Con el rostro serio, que más que solemnidad parecía expresar enojo, Miguel caminó a zancadas, casi arrastrando a su acompañante, quien parecía divertirse con eso. Ella hablaba de muchas cosas, parecía que las palabras nunca se le acababan y si hacía alguna pausa era para oxigenarse, pues a veces daba la impresión que se olvidaba de respirar mientras contaba sus anécdotas.
- Debo decir que realmente te extrañaba - dijo y regaló una sonrisa franca.
- ¿Hace cuánto tiempo llegaste?
- No sabría decirlo - vaciló un momento.
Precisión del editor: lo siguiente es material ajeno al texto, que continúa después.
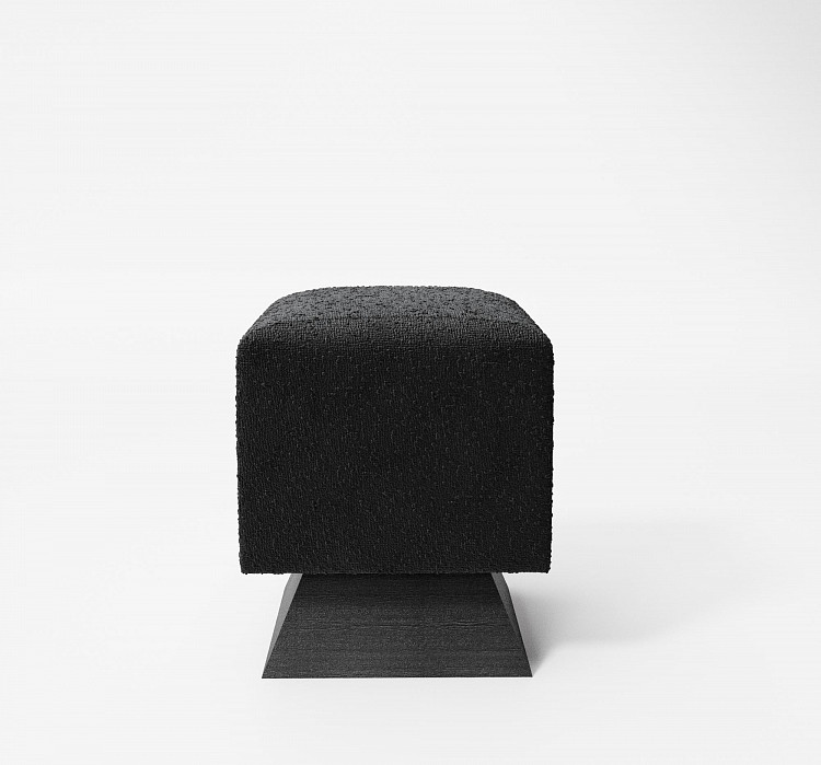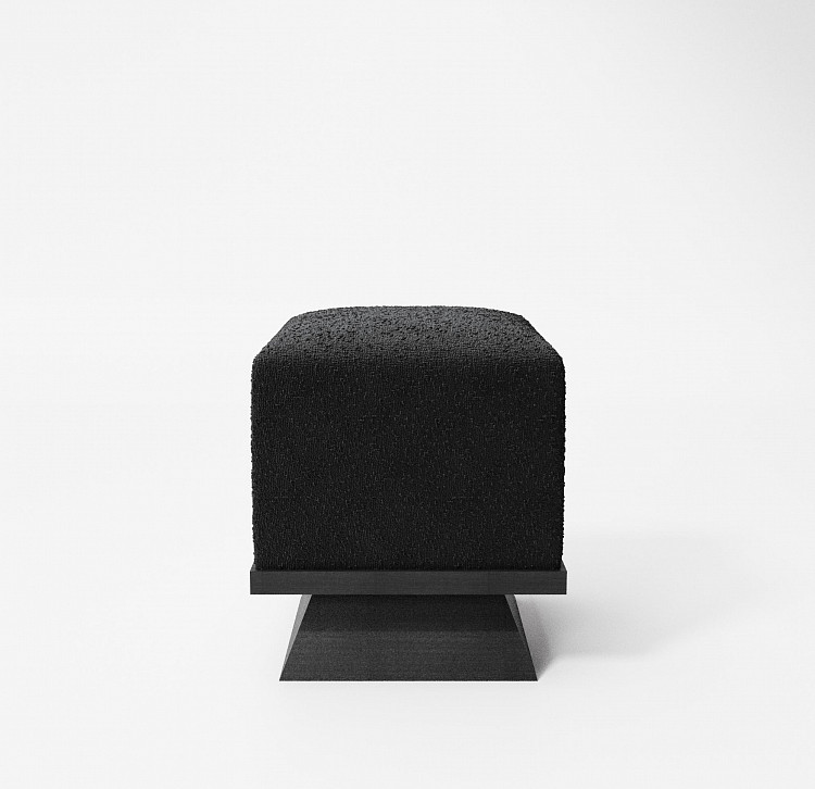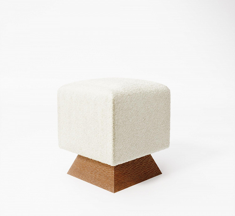 Пуф Modénature Alfie Pouf от Olga Silanteva представляет собой квадратный модуль с мягкой подушкой и массивным деревянным основанием. Основание имеет трапециевидный профиль и может быть гладким или с рельефной фактурой. В одной из версий между подушкой и основной опорой добавлена тонкая деревянная окантовка. Обивка выполнена из плотной ткани в темном или светлом оттенке.

Observó el rostro de Miguel que seguía serio, pero esta vez ya había adoptado una expresión meditabunda que en realidad era la típica expresión en él. Tras recibir una mirada algo impaciente por una respuesta más precisa, continuó hablando - una semana, ¿es una respuesta acertada señor? Una semana, dos días y tres horas. Me estoy hospedando en uno de esos hoteles baratos. Es bueno saber que siempre tengo a donde regresar. ¿No te parece? La vida en Europa no es tan fantástica como crees, la gente es gente con otra forma de hablar y algunos se pueden parecer a alguno de nuestros maestros cultos y bien formados, como te puedes topar con un beodo crustáceo que donde cae la lata cae él. ¿Me estás escuchando? Sé que lo haces. Sigo...
- La casa no ha tenido mucha limpieza en este tiempo. Tendremos que mover algunas cosas.
- Papá...
- No lo menciones. No quiero saber más. Vayamos a comer algo y después te ayudaré a instalar te.
El silencio se manifestó por varios minutos. Ella bajó un poco la cabeza y siguió avanzando ya no con la misma expresion divertida de antes, sino con cierta nostalgia. Mirando una vez el rostro de su hermano, se aferró un poco más a su brazo y se dejó guiar por él lo que quedó del camino, con la mirada caída y la expresión perdida.